◆ **DATA SUPPLIED**:

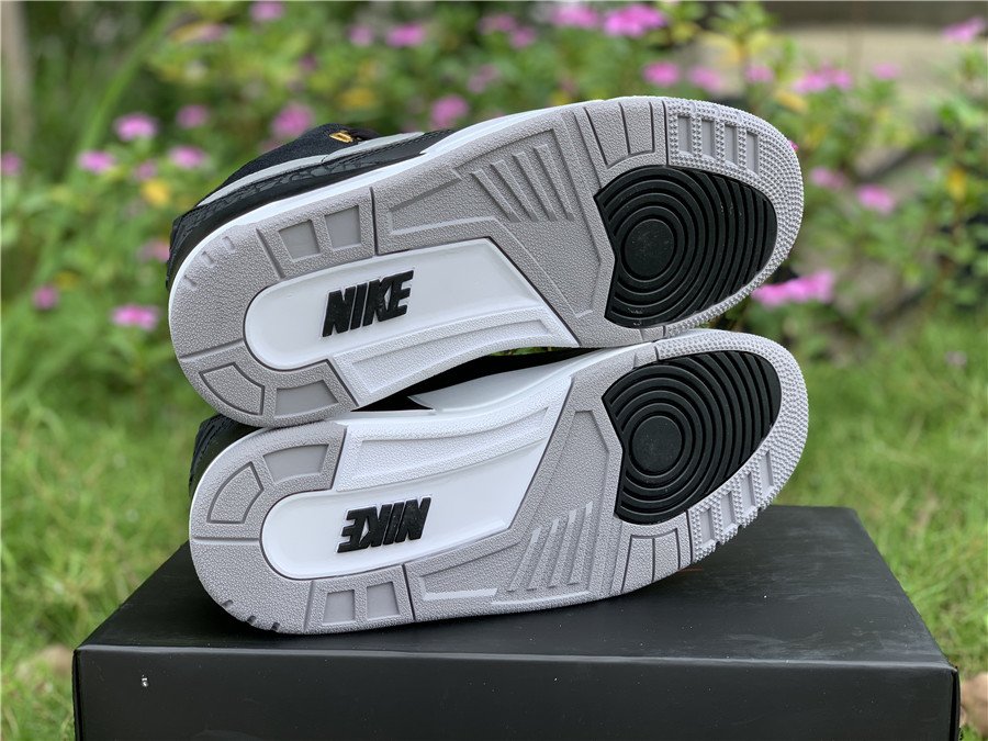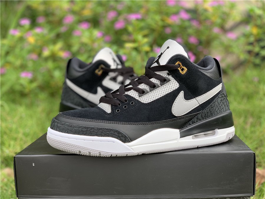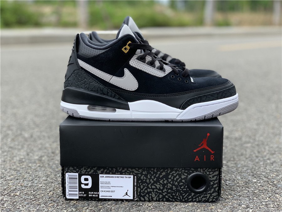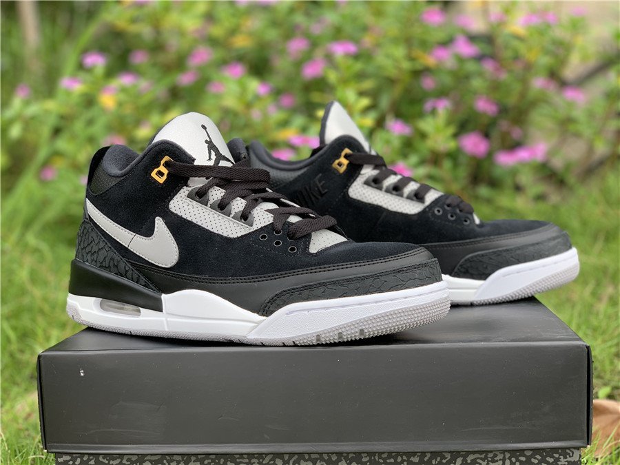 Looking closer this Air Jordan 3 Tinker features Black suede and leather across the upper while Black also fills in the elephant print on the overlays. Following is the use of Cement Grey on the tongues, Swoosh and tonal Black ‘Nike Air’ branding on the heel. Other highlights includes Metallic Gold on the tope two eyelets, White midsole, Grey rubber outsole and 3M Reflective detailing across the Swoosh and eyelets.
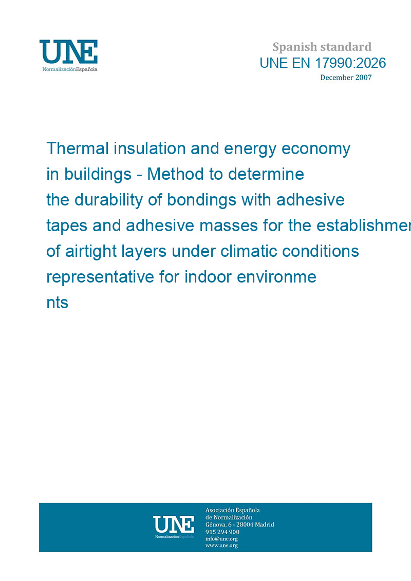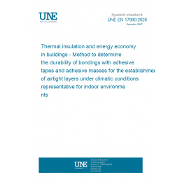 This standard UNE EN 17990:2026 Thermal insulation and energy economy in buildings - Method to determine the durability of bondings with adhesive tapes and adhesive masses for the establishment of airtight layers under climatic conditions representative for indoor environments is classified in these ICS categories:
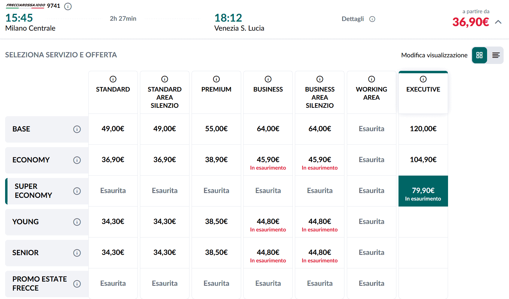 Der Tarif Super Economy gilt nicht nur in der Holzklasse, sondern ist für fast alle Reiseklassen verfügbar – einzig in der luxuriösen Executive Class konnten wir keine reduzierten Tarife mehr finden. Ihr müsst zudem einen Zug der Produktklassen Frecciarossa, Frecciargento oder Frecciabianca wählen. InterCitys, Regionalzüge und Nachtzüge sind ausgenommen.
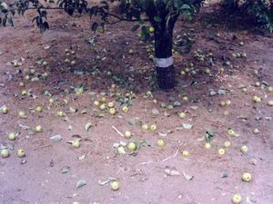 2004年7月6日凌晨零时50分,一场突如其来的狂风 暴雨夹杂着冰雹自西向东袭击砀山果园场,大风持 续近1个小时,最大风力在10级以上,冰雹持续8— 20分钟,其直径一般为2.2cm,个别直径达3cm以 上,密度平均每平方米500粒左右。大风、冰雹过 后,大量梨果、桃果、银杏、葡萄被刮落、砸伤, 重者果皮绽开、果肉粉碎,损失极为惨重,
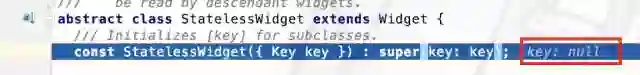 当到 Widget 时,在其构造方法中对成员变量 key 进行复制,很显然由于我们 Text 没有传 Key,所以为 null:
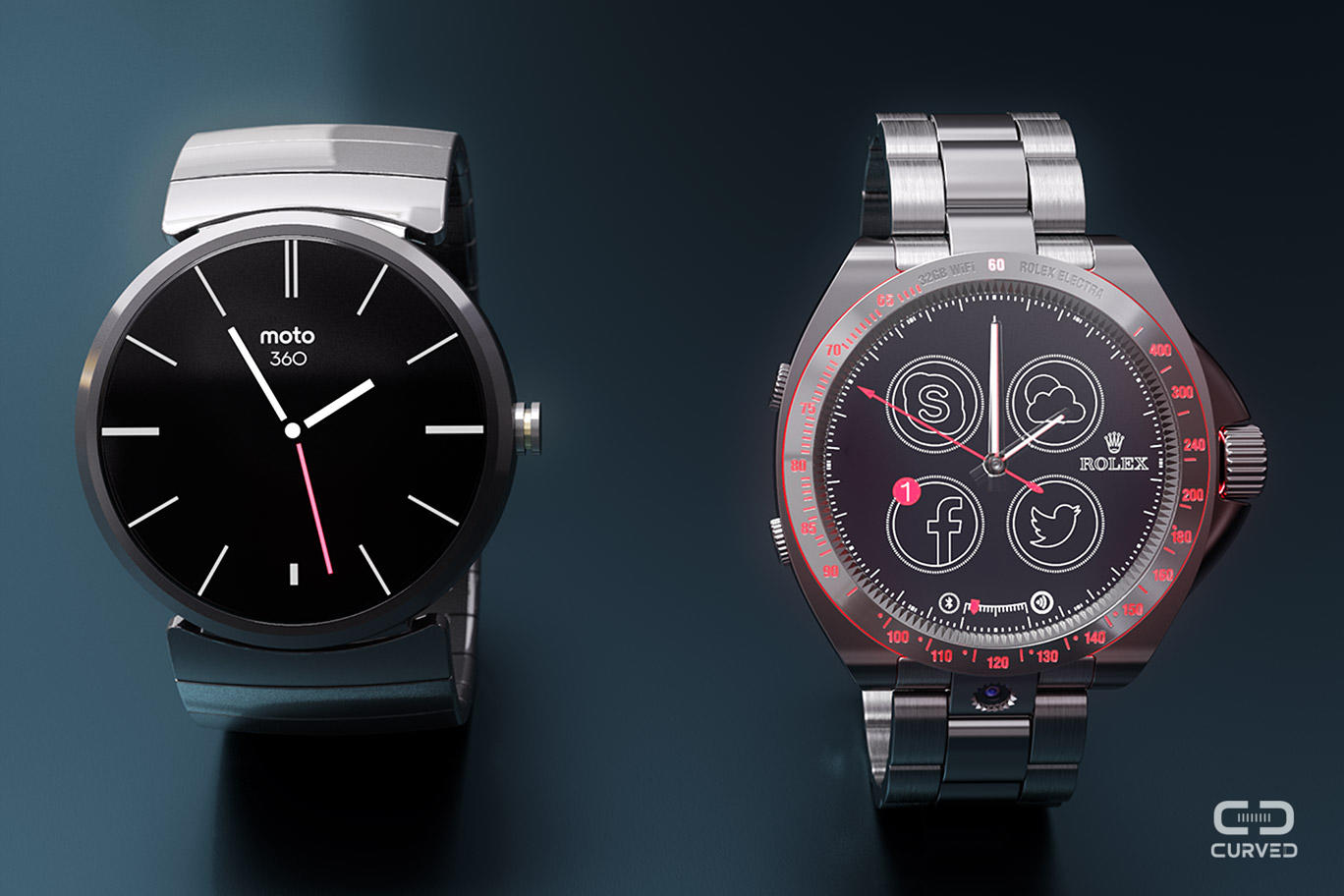 Android-smartklokker som Moto 360 og LG G Watch har nylig blitt lansert. Dette er de første modellene som streber etter formen til en klassisk herreklokke og ser ikke ut som små telefoner på håndleddet. Teamet til det tyske selskapet Curved presenterte et veldig attraktivt konsept av en klassisk herreklokke med et smart grensesnitt, på vegne av luksusselskapet Rolex.

◆ **WHAT TO PRODUCE**:
Although pictures appear among the records above, write out exactly only the lines from the one that has "This standard UNE" through the one that has "当到 Widget 时,在其构造方法中对成员变量", and leave the pictures out.

◆ **SOLUTION FOR THIS TASK**:
 This standard UNE EN 17990:2026 Thermal insulation and energy economy in buildings - Method to determine the durability of bondings with adhesive tapes and adhesive masses for the establishment of airtight layers under climatic conditions representative for indoor environments is classified in these ICS categories:
 Der Tarif Super Economy gilt nicht nur in der Holzklasse, sondern ist für fast alle Reiseklassen verfügbar – einzig in der luxuriösen Executive Class konnten wir keine reduzierten Tarife mehr finden. Ihr müsst zudem einen Zug der Produktklassen Frecciarossa, Frecciargento oder Frecciabianca wählen. InterCitys, Regionalzüge und Nachtzüge sind ausgenommen.
 2004年7月6日凌晨零时50分,一场突如其来的狂风 暴雨夹杂着冰雹自西向东袭击砀山果园场,大风持 续近1个小时,最大风力在10级以上,冰雹持续8— 20分钟,其直径一般为2.2cm,个别直径达3cm以 上,密度平均每平方米500粒左右。大风、冰雹过 后,大量梨果、桃果、银杏、葡萄被刮落、砸伤, 重者果皮绽开、果肉粉碎,损失极为惨重,
 当到 Widget 时,在其构造方法中对成员变量 key 进行复制,很显然由于我们 Text 没有传 Key,所以为 null:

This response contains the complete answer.